Before we started, let’s setup up the environment. If you haven’t set up SBT, you can look at the documentation here. Paste the dependency on your build.sbt file:

val circeVersion = "0.11.1"

libraryDependencies ++= Seq(
  "io.circe" %% "circe-core",
  "io.circe" %% "circe-generic",
  "io.circe" %% "circe-parser"
).map(_ % circeVersion)

Let’s get down to 6 tips and the examples on ways to decode JSON in Scala:

Decoding Objects

case class Product(productId: Long, price: Double, countryCurrency: String, inStock: Boolean)

object Product {
  implicit val decoder: Decoder[Product] = deriveDecoder[Product]
  implicit val encoder: Encoder[Product] = deriveEncoder[Product]

  def main(args: Array[String]): Unit = {
    val inputString: String =
      """
        |{
        |   "productId": 111112222222,
        |   "price": 23.45,
        |   "countryCurrency": "USD",
        |   "inStock": true
        |}
        |""".stripMargin

    decode[Product](inputString) match {
      case Right(productObject) => println(productObject)
      case Left(ex) => println(s"Ooops some errror here ${ex}")
    }
  }
}

Define the domain model for decoding the JSON value by defining an implicit encode and decode value with Circe.

Noticed the implicit Val in objects?
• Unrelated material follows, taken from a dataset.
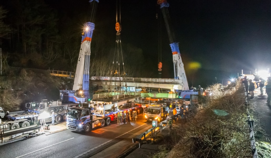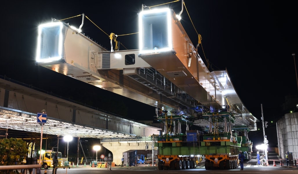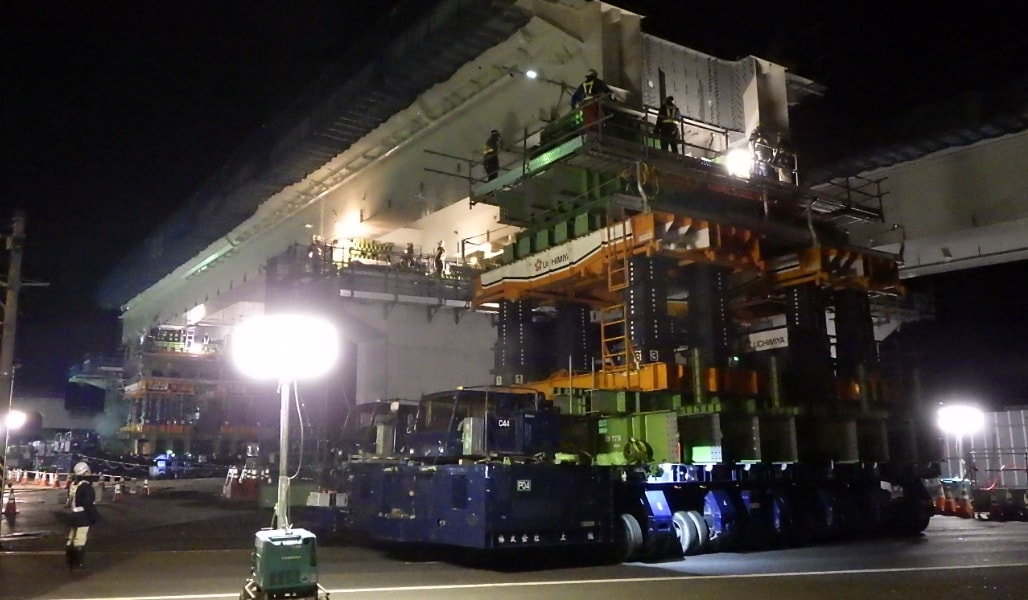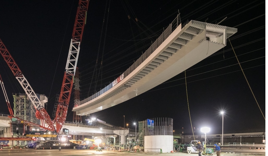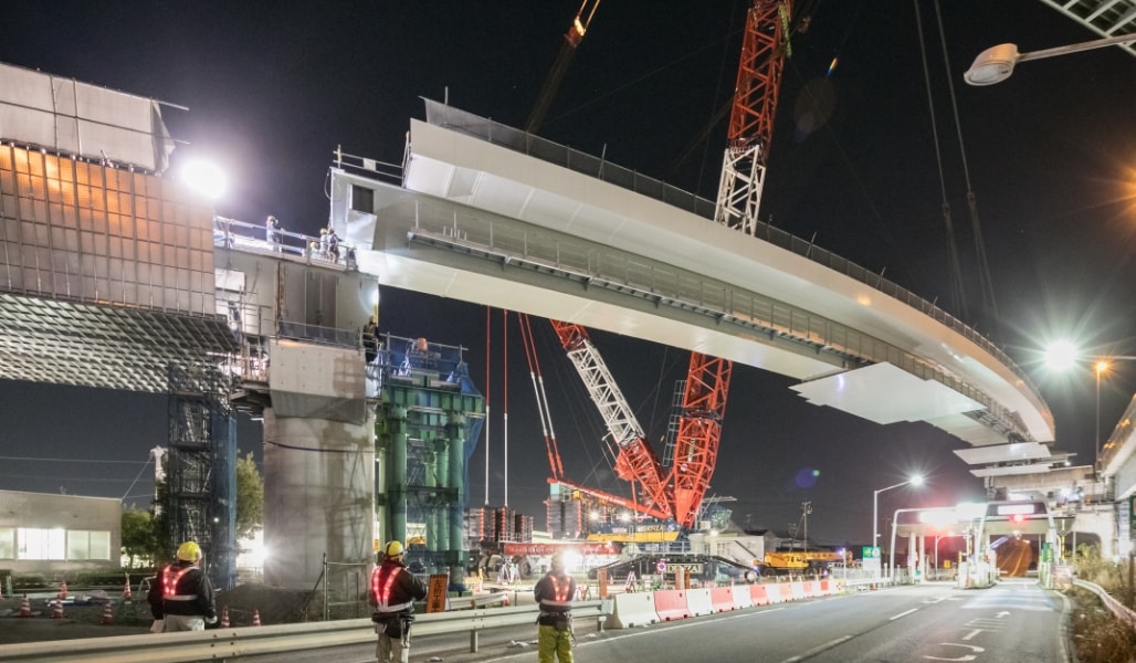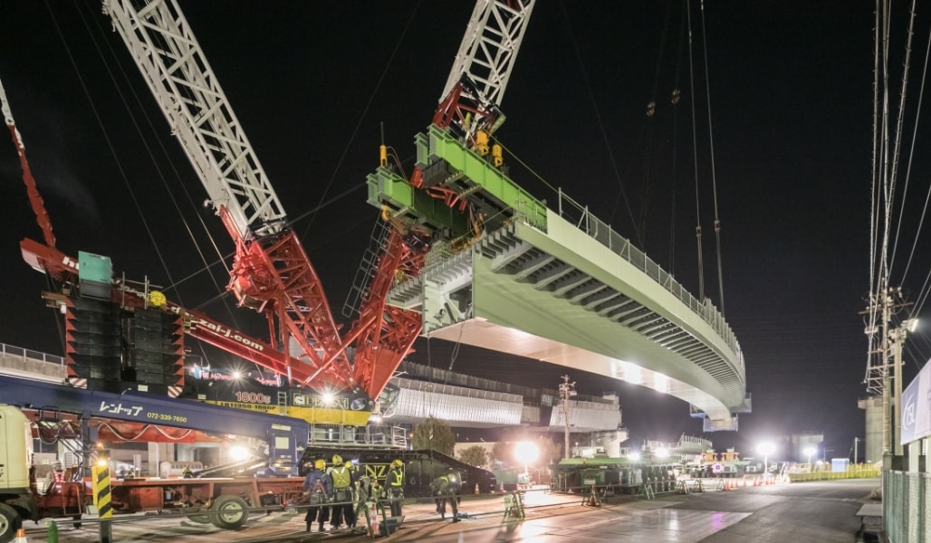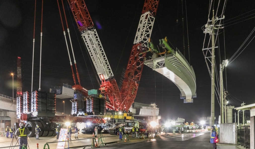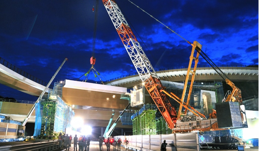 架設地点の近くに大型クレーンを組み立てるヤードが確保出来る時には、地組した大きな橋桁を大型クレーンにより一夜間で一気に架設する一括架設工法が用いられます。この工法では、架設作業に伴う通行止め等の交通影響を最小にすることが出来ます。

When you define an implicit value in the companion objects (implicit scope), you don’t need to introduce the import tax when you call the decode[A] value.

Decoding Arrays

case class Book(book: String)

object Book {
  implicit val decoder: Decoder[Book] = deriveDecoder[Book]

  def main(args: Array[String]): Unit = {
    val inputString =
      """
        |[
        | {"book": "Programming in Scala"},
        | {"book": "How to Win Friends and Influence People"},
        | {"book": "HomoSapiens"},
        | {"book": "Scala OOP"}
        |]
        |""".stripMargin

    parser.decode[List[Book]](inputString) match {
      case Right(books) => println(s"Here are the books ${books}")
      case Left(ex) => println(s"Ooops something error ${ex}")
    }
  }
}

When you decode a list of arrays, set the case class to a single object. Then, when you invoke decode parser, you need to specify what data structure is holding that JSON value – in this case, it is a List: parser.decode[List[Book]].

Decoding Automatically

case class Form(firstName: String, lastName: String, age: Int, email: Option[String])

object Form {

  def main(args: Array[String]): Unit = {
    val inputString =
      """
        |[
        |    {"firstName": "Rose", "lastName":"Jane", "age":20, "email":"roseJane@gmail.com"},
        |    {"firstName": "John", "lastName":"Doe" , "age": 45}
        |]
        |""".stripMargin

    parser.decode[List[Form]](inputString) match {
      case Right(form) => println(form)
      case Left(ex) => println(s"Ooops something happened ${ex}")
    }
  }
}

Circe has an auto decoder feature that automatically decodes a string of JSON to the domain model for you. You need to import io.generic.auto._

Decoding Manually

case class Applicant(name: String, age: Int, phoneNumber: String)

object Applicant {
  // here we are actually casting the return value to Decode
  implicit val decoder: Decoder[Applicant] = (hCursor: HCursor) =>
    for {
      name <- hCursor.get[String]("name")
      age <- hCursor.downField("age").as[Int]
      phoneNumber <- hCursor.get[String]("phoneNumber")
    } yield Applicant(name, age, phoneNumber)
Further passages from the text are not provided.